### [TASK STATEMENT]
Reproduce exactly the lines from the start of the records through the line containing "투명한 트라이탄 밀폐용기로, 안전하고", both included. Leave the pictures out.

### [DATASET ENTRIES]
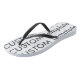 Men's Custom Print Flip Flops. Unisex. THIN BLACK Straps & WHITE soles. 2 footbed & 4 strap colour options in thin strap style. 100% rubber thong style. Unisex. Similar to Havaianas®. Made in Brazil. Printed in the USA. Personalised birthday, Christmas, Valentine's Day gifts for him (university, uni, college boy, boys, teenage boy, teenager, young man, men, boyfriend, son).
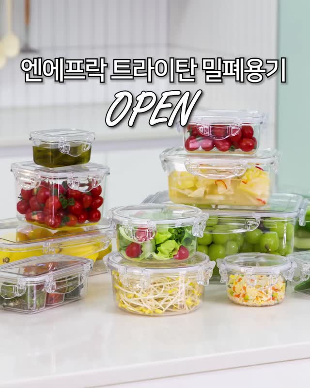 투명한 트라이탄 밀폐용기로, 안전하고 가벼우며 색배임과 냄새 걱정이 없습니다. 다양한 종류가 있으며 세트 구매가 경제적입니다.
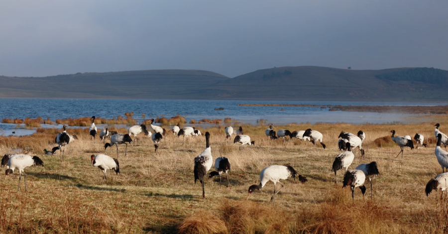 近日,摄影师在云南大山包黑颈鹤国家级自然保护区内,记录到黑颈鹤在湿地附近活动的场景。在群山环抱间,黑颈鹤漫步在澄澈的湖水边,或自在飞翔,或悠闲踱步,或四处觅食,呈现出一派生机勃勃之景。
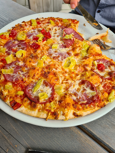 €3,90 for a plain plate of nacho chips (half a bag you could buy at a supermarket for half that). Then another €2,50 for some chemical cheese dip; unopened plastic container. The pizza, ~€12 is probably store bought deep freeze, baked in an oven for you. All in al, including drinks, roughly €50 spent on stuff you buy in a store for €15. You have to pick it up yourself from the window. Do not recommend, too much money for a dining experience I can do better with...
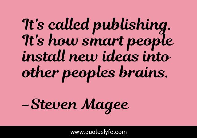 This page presents the quote "It's called publishing. It's how smart people install new ideas into other peoples brains.". Author of this quote is Steven Magee. This quote is about publishing, people, brains, ideas, new, smart,.
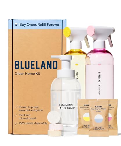 BLUELAND Clean Home Kit (3 Reusable Bottles + 3 Tablet Refills) Natural All Purpose Cleaner for Kitchen and Counters, Bathroom Cleaner for Shower and Sink, and Foaming Hand Soap
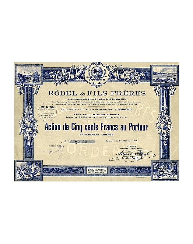 Action de 500 francs au porteur émise à Bordeaux en 1929. Signée par Rödel.
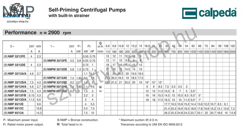 A kiváló minőségű Calpeda NMP 50/12H/A medence szivattyút folyamatos üzemre tervezték. Elsősorban medence vizének forgatására, mozgatására. A rendkívül erős szívóházban a maximális megengedett üzemi nyomás 6 bar. A Calpeda NMP 50/12H/A a megfelelő szűrőberendezéssel egybeépítve remek szolgálatot tesz a medencék vizének tisztán tartásában, mozgatásában. A Calpeda szivattyúkat számos területen alkalmazzák megbízhatóságuk és hosszú élettartamuk miatt. A Calpeda NMP 50/12H/A medence vízforgató szivattyú kiváló minőségű alapanyagok felhasználásával készül, melyek szavatolják a hosszú tartós üzemet. Ennek köszönhetően nem csak lakossági igényeket elégít ki. Kisebb tan medencék, wellness hotelek, szállodák is használják a Calpeda szivattyúkat. A szivóház és a szivattyú járókereke tartós és erős öntöttvasból készül, a motor tengely pedig AISI 303 rozsdamentes acélból. A motorteret kiváló minőségű karbon-kerámia-FPM tengelytömítés védi vízbehatolás ellen. A minőségi csapágyak a viszonylag halk üzemmódot garantálják. A Calpeda NMP 50/12H/A motorja háromfázisú 400V-os F szigetelésű, réz tekercselésű, IP 55 védettséggel. Ez a medence vízforgató szivattyú maximum +60 fokos vízhőmérsékletig használható. Szívó mélység maximum 7 méter. Szívó és nyomó oldali csatlakozás 2 1/2 coll belső menettel.
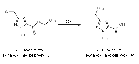 1.通过3-乙基-1-甲基-1H-吡唑-5-甲酸乙酯合成5-乙基-2-甲基-2H-吡唑-3-甲酸,收率约92%;
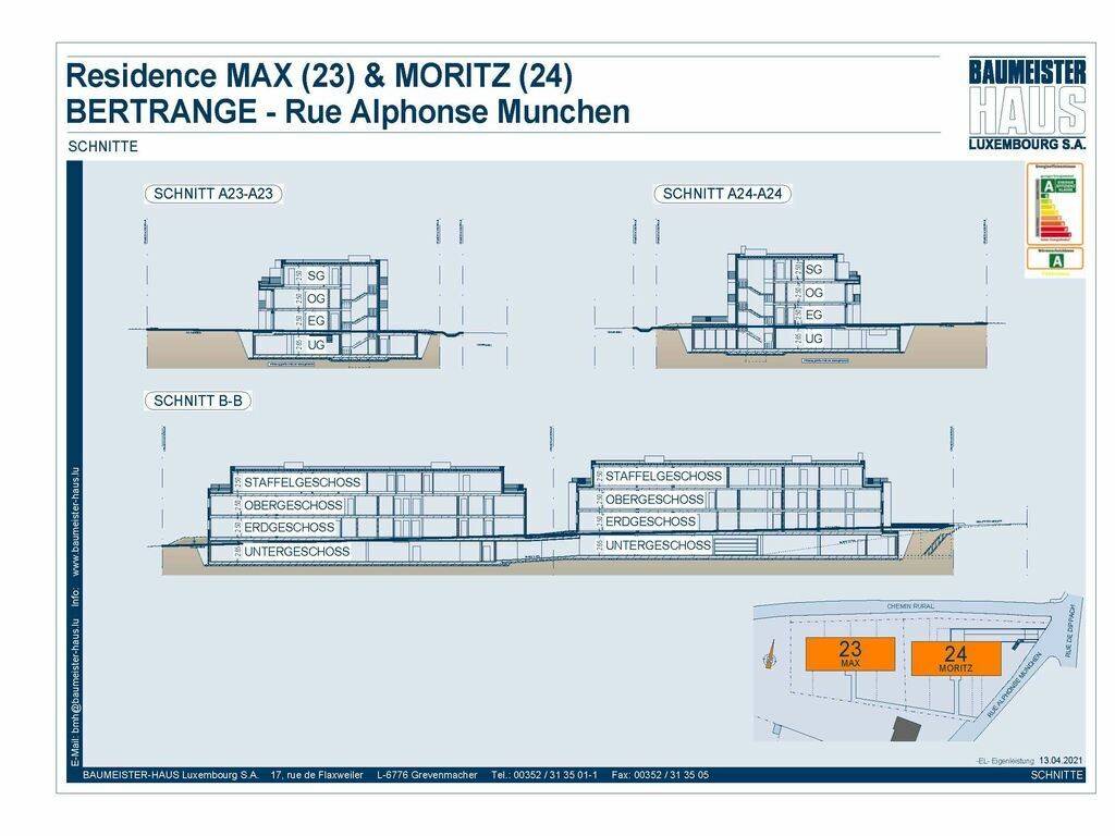 Construction d'une nouvelle résidences de 2 bâtiments dans la rue Alphonse Munchen dans le nouveau lotissement „Erzelt“ à Bertrange.
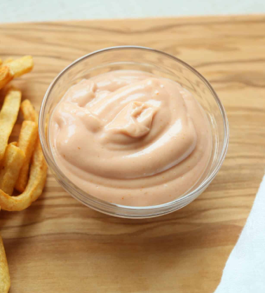 Salsa tipo mayo-ketchup: Mezcla cremosa y dulce de mayonesa y salsa de tomate (ketchup), usada comúnmente como aderezo para hamburguesas, papas fritas y otros platillos. Su sabor es suave, ligeramente dulce y muy versátil.
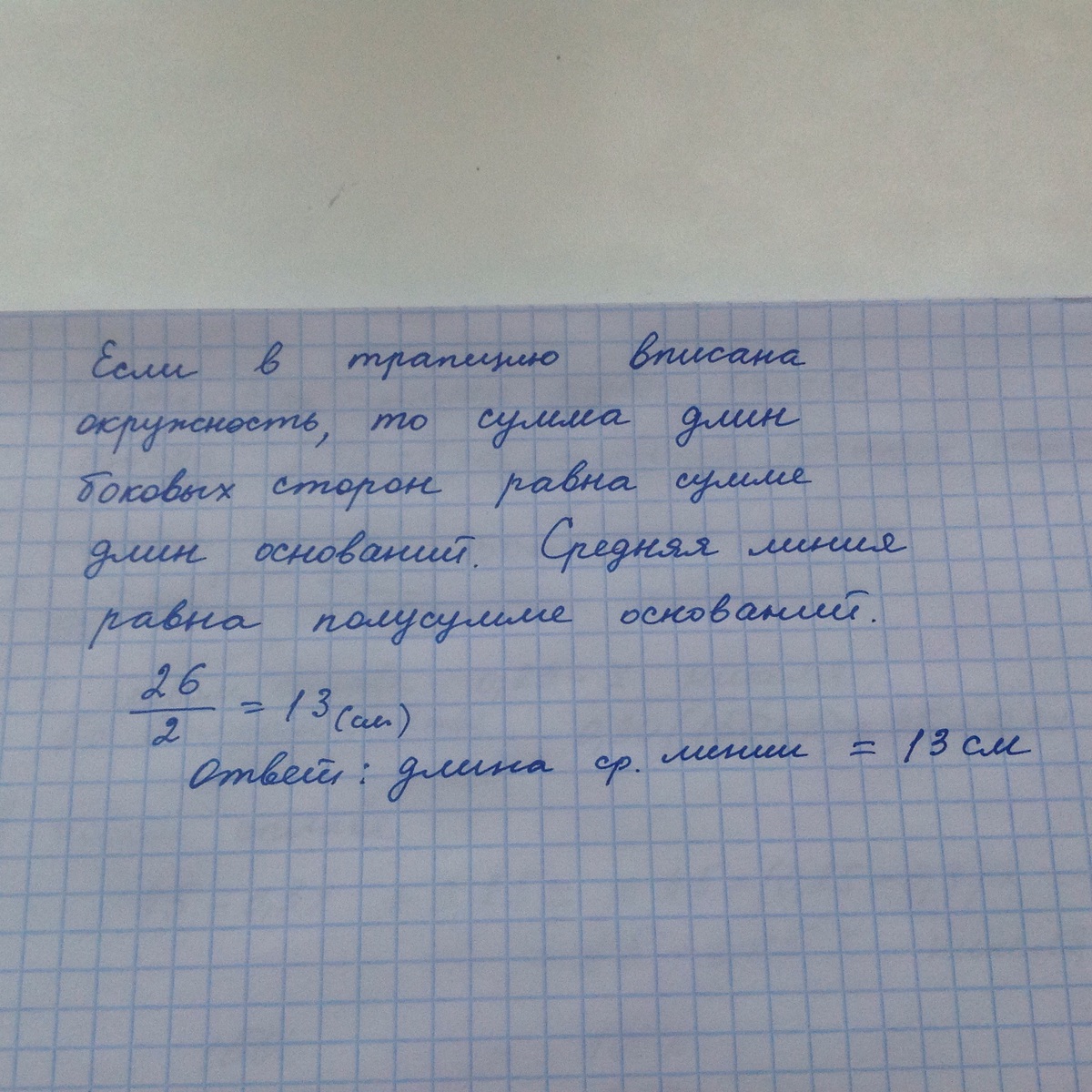 . В трапецию, сумма длин боковых сторон которой равна 26, вписана окружность. Найдите длину средней линии трапеции.

### [RESPONSE]
 Men's Custom Print Flip Flops. Unisex. THIN BLACK Straps & WHITE soles. 2 footbed & 4 strap colour options in thin strap style. 100% rubber thong style. Unisex. Similar to Havaianas®. Made in Brazil. Printed in the USA. Personalised birthday, Christmas, Valentine's Day gifts for him (university, uni, college boy, boys, teenage boy, teenager, young man, men, boyfriend, son).
 투명한 트라이탄 밀폐용기로, 안전하고 가벼우며 색배임과 냄새 걱정이 없습니다. 다양한 종류가 있으며 세트 구매가 경제적입니다.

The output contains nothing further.